By: Qian Xiao, Rashmi Sinha, Barry I Graubard, Neal D Freedman
Coffee may have hepatoprotective effects and higher coffee consumption has been associated inversely with levels of liver enzymatic markers. However, it is unclear whether decaffeinated coffee is also associated with liver enzymes. The study population included 27,793 participants, age 20 or older, in the U.S. National Health and Nutrition Examination Survey (1999-2010). Coffee intake was evaluated by 24-hour dietary recall.

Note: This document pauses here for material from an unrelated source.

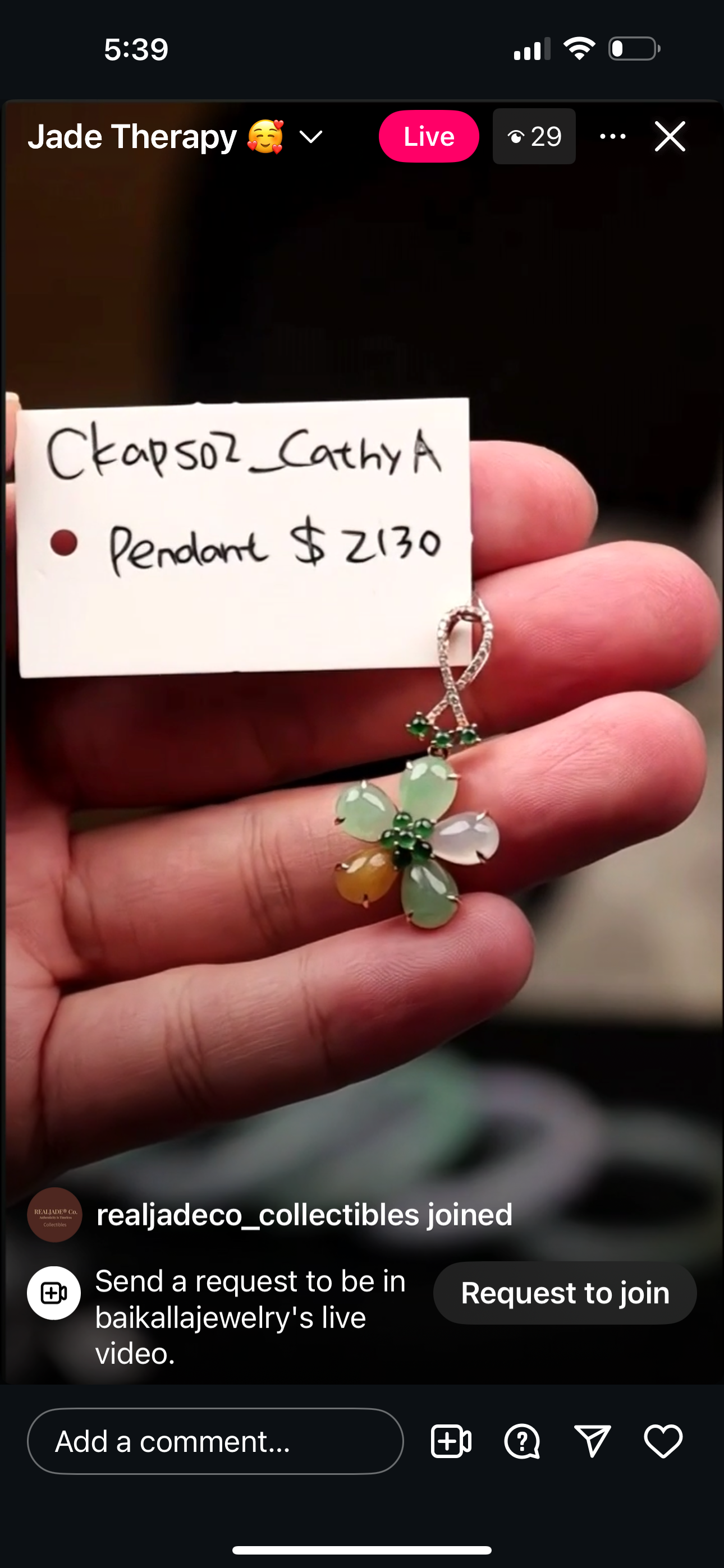 "Live" 18k Gold Natural Icy Jadeite Jade Lotus Flower Pendant" (08/12/25)

Serum levels of alanine aminotransferase (ALT), aspartate aminotransferase (AST), alkaline phosphatase (ALP), and gamma-glutamyl transaminase (GGT) were measured. We examined the relationship between coffee intake and enzymatic levels using weighted multiple variable logistic (abnormally elevated levels of enzymes) and linear regression (continuous enzymatic levels). Total coffee consumption was inversely associated with abnormal levels of all four liver enzymes and continuous levels of AST, ALP, and GGT. Compared to those reporting no coffee consumption, participants reporting ≥ 3 cups per day had an odds ratio (OR; 95% confidence interval [CI]) of 0.75 (0.63, 0.89), 0.82 (0.68, 0.98), 0.73 (0.55, 0.95), and 0.69 (0.57, 0.83) for abnormal levels of ALT, AST, ALP, and GGT, respectively. Similar inverse associations were found with decaffeinated coffee intake and abnormal levels of ALT (OR (≥ 2 vs 0 cup/d): 0.62 [0.41, 0.94]), AST (0.74 [0.49, 1.11]), and GGT (0.70 [0.49-1.00]).
Conclusion: Higher intakes of coffee, regardless of its caffeine content, were associated with lower levels of liver enzymes.